Subsequently on September 30, 2019, the Final Terms Committee authorized the sale of $3,075,000 with reoffering yields ranging from 1.30% to 2.20% compared to 2.20% to 3.125% for the Series 2012 Bonds. The District reduces the future interest expense by about $141,505. This $141,505 plus the approximate savings of $1,507,146 from the previous refundings means the District has saved $1,648,651 of interest expense since 1995. The Superintendent of Schools, Dr. Dustin Storm, expressed enthusiasm and support for the refunding option selected by the Board of Education. “This plan achieves significant savings and allows the District to capture better conditions in the municipal bond market for the benefit of our taxpayers. It also preserves considerable flexibility for the District in the future if more building improvements are needed,” Dr. Storm remarked.

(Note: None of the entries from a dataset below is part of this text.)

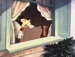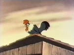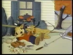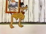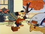 Later, Pluto tends to some farm chores around the property including feeding the chickens. But when he notices his own dish empty, he resorts to stealing a bone from Butch the Bulldog, who lives next door. In the meantime, one of the chickens has built a nest in his doghouse and lays its eggs, but when the hen leaves, distracted by a butterfly, Pluto ends up playing mother to its chicks after they hatch under him.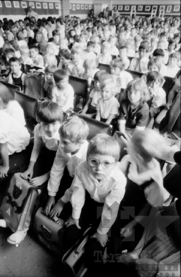 általános iskola diák iskola ünnepség évnyitó ünneplő iskolatáska Tolna megye Magyarország 1981 Bakó JenőFotó részletei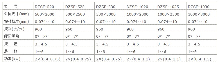 一、工作原理 DZSF系列直線振動篩為雙振動電機驅(qū)動。當兩臺振動電機做同步、反向旋轉(zhuǎn)時,其偏心塊所產(chǎn)生的激振力在平行于電機軸線的方向相互抵消,在垂直于電機軸的方向疊為一合力,因此篩機的運動軌跡為一直線。兩電機軸相對篩面在垂直方向有一傾角,在激振力和物料自重力的合力作用下,物料在篩面上被拋起跳躍或向前作直線運動,從而達到對物料進行篩選和分級的目的。適用于粒度在0.074—5mm,含水量小于7%,無粘性的各種干式粉狀或顆粒狀物料的篩分。大給料粒度不大于10mm.。 二、工作特點 該產(chǎn)品篩分精度高、處理量大、結(jié)構(gòu)簡單、耗能少、噪音低、篩網(wǎng)使用壽命長、密封性好、無粉塵溢散、維修方便、可用于流水線生產(chǎn)中的自動化作業(yè)。 三、主要適用行業(yè) 該產(chǎn)品廣泛適用于化工、食品、塑料、醫(yī)藥、冶金、玻璃、建材、糧食、化肥、磨料、陶瓷等行業(yè)中干式粉狀物料的篩分。 四、型號說明 D----------------------------------振動電機(振動源) Z----------------------------------直線(運轉(zhuǎn)軌跡) SF----------------------------------篩分機 1020----------------------------------篩面尺寸(1000mm寬x2000mm長) 1-------------------------------------兩層(兩層篩網(wǎng)三個出料口) S(P)-----------------------------------鋼板材質(zhì)【S代表不銹鋼,P代表普碳鋼】 五、篩分原理 物料從給料機均勻地進入篩分機的進料口,在振動電機的激振下,向出料口方向邊跳動邊篩分,通過多層篩網(wǎng)篩分出數(shù)種產(chǎn)品和不合格的篩上、篩下物,分別從各自的出口排出,流入料倉或盛料筒. 六、主要技術(shù)參數(shù)和外形尺寸 七、結(jié)構(gòu)說明 本篩機主要由篩箱、篩框、篩網(wǎng)、振動電機、電機臺座、減振彈簧、支架等組成。 1、篩箱:由數(shù)種厚度不同的鋼板焊制而成,具有一定的強度和剛度,是篩機的主要組成部分。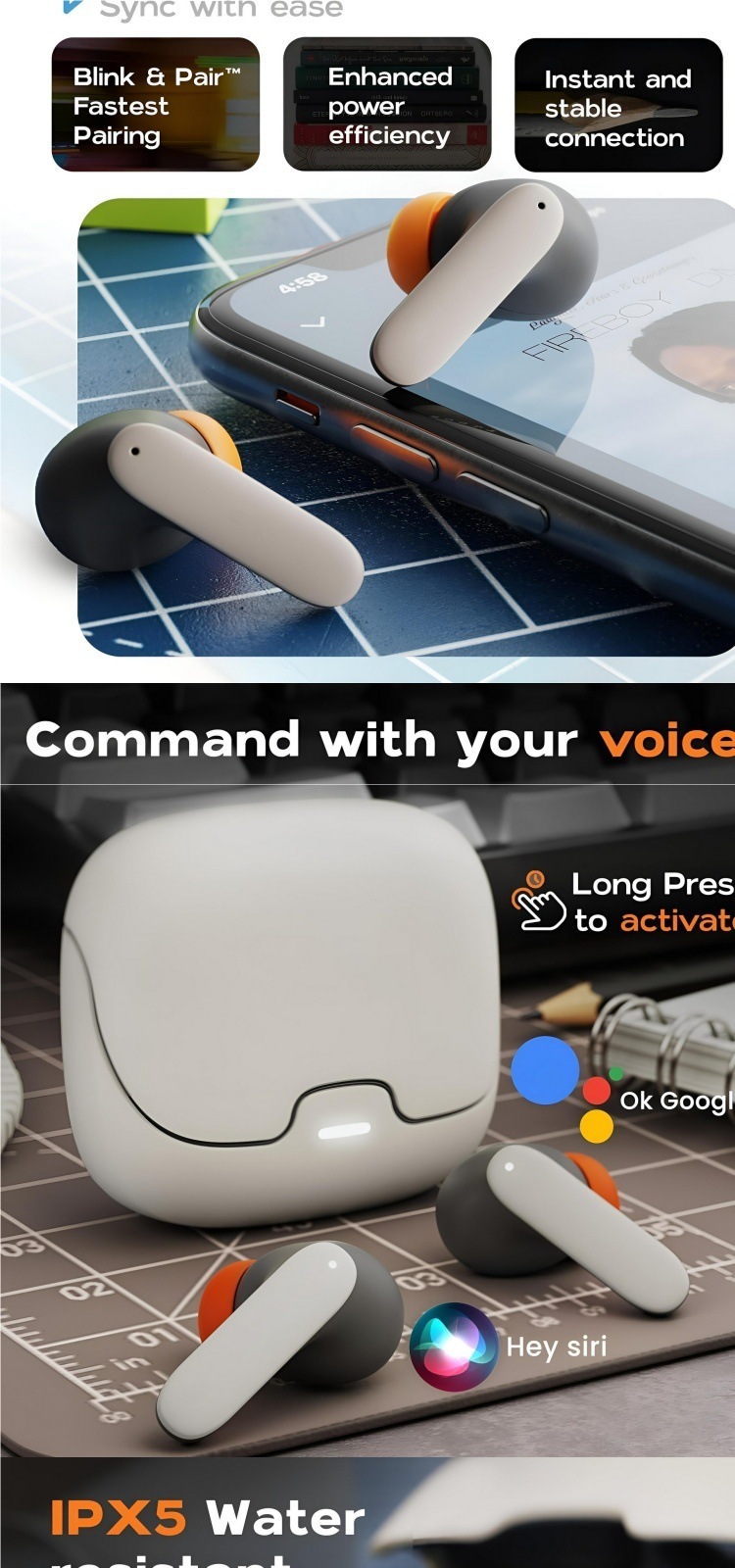 Blanco beige [5.3/4 reducción de ruido de trigo ENC],Negro [Reducción de ruido de trigo 5.3/4 ENC]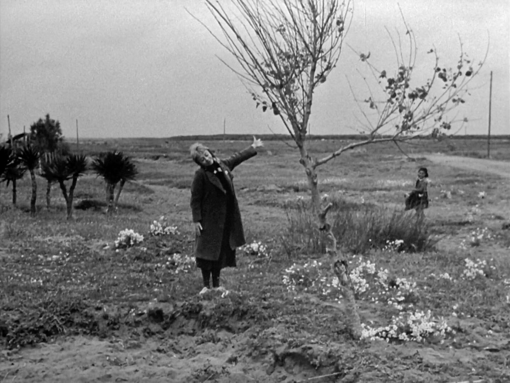 어린아이의 머릿속에서 순수한 기표는 무엇이든 될 수 있다. 아이들은 흔히 대상을 자기 마음대로 바꿔 노는 환상에 빠진다. 스스로를 바람이 되거나 기차가 되는 상상을 하며 논다. 아주 드물게 어른이 되어도 어린아이와 같은 마음을 유지하는 사람들이 종종 있다. 페데리코 펠리니의 영화 <길>의 주인공 젤소미나가 그런 사람이다. 젤소미나는 어린아이들을 즐겁게 해주는 재주가 있다. 들판에서 한 아이가 자신을 따라다니는 걸 눈치챈 그녀는 소녀를 즐겁게 해주기로 한다. 큰 가지 하나가 옆으로 길게 뻗은 나무 한 그루를 보고 젤소미나는 자신의 팔을 뻗어 나무 흉내를 낸다.<사진 2> 그걸 본 아이가 까르르 웃는다. <길>에서 이 장면은 어른인 젤소미나가 여전히 맑고 순수한 영혼을 지녔음을 보여준다. 자신에 대한 정체성을 고정하지 않고 나무로 변신하는 것, 또 나무를 보고 팔을 뻗은 사람으로 상상하는 것, 두 가지 모두 어린아이처럼 주체와 대상을 순수한 기표로 보는 태도 또는 주체와 대상을 고착된 기의로 보지 않는 태도에서 나올 수 있기 때문이다.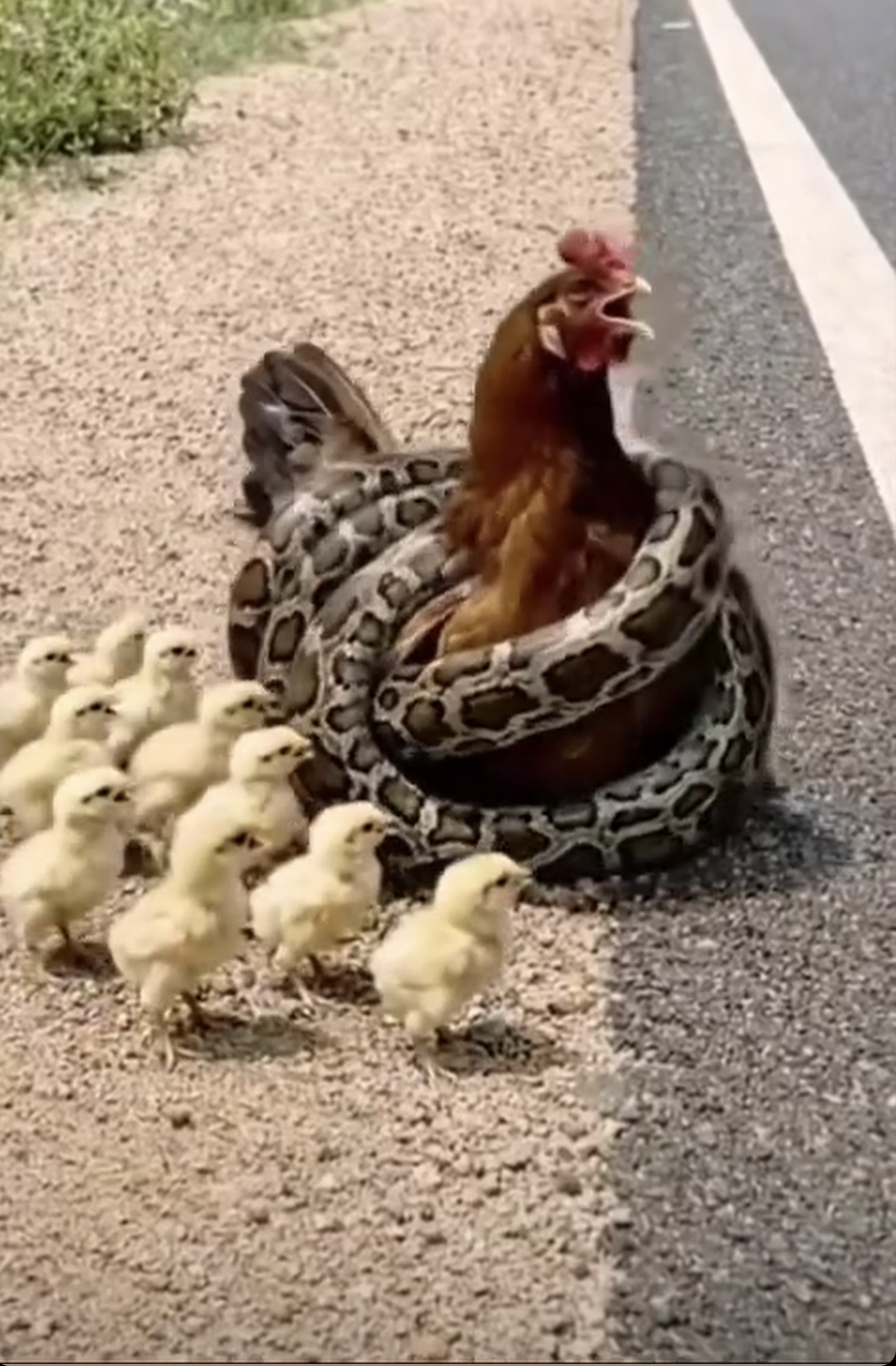 On a quiet roadside, a mother hen stands her ground—surrounded by her tiny chicks and wrapped in an unexpected moment of danger. Whether chance or coincidence, the scene captures pure instinct: protect the little ones, no matter what. Nature has a way of surprising us when we least expect it.

The refunding bonds were reoffered to local financial institutions and individuals. Board President, Barbara Wagner, pointed out that the $141,505 of interest savings for the Series 2019 refunding, which is an improvement of $12,331 from the September 19, 2019 projections, is not all the District may realize due to the Series 2019 Refunding Bonds having a call feature in March 1, 2025 at no penalty.
“If interest rates are lower in 2025 or later, we can take advantage of that. Meanwhile we are locking in these levels that are almost one percent (1.00%) lower than they were in 2012,” stated Ms. Wagner.
Neil A. Branham, Senior Financial Analyst of L. J. Hart & Company of St. Louis, Missouri prepared the refunding proposal and explained how it can fit into the long range plans of the District. He mentioned that the three significant factors making the Series 2019 refunding possible were the lower interest rates than in 2012, the fact that the Series 2012 Bonds are subject to prepayment on or after March 1, 2017 at no penalty, and the District’s ability to participate in the State of Missouri’s Direct Deposit Program. This program makes it possible for the District to receive a “AA+” rating from Standard & Poor’s Global on the refunding bonds. Mr. Branham complimented Dr. Storm for his prompt and thorough preparations to supply the data necessary for the rating application and official statement, as well as the Board of Education for their foresight in making the Series 2012 Bonds callable in five years.
The closing for the Series 2019 Refunding Bond issue is to occur on October 17, 2019. Several board members commended Dr. Storm and L.J. Hart & Company for developing the attractive refunding plan. “It is nice to be able to save $141,505 of our taxpayers’ money and boost our total savings to $1,648,651 since 1995,” commented Cindy Gulick, Vice President of the Board of Education. (information submitted by Miller Superintendent Dr. Dustin Storm).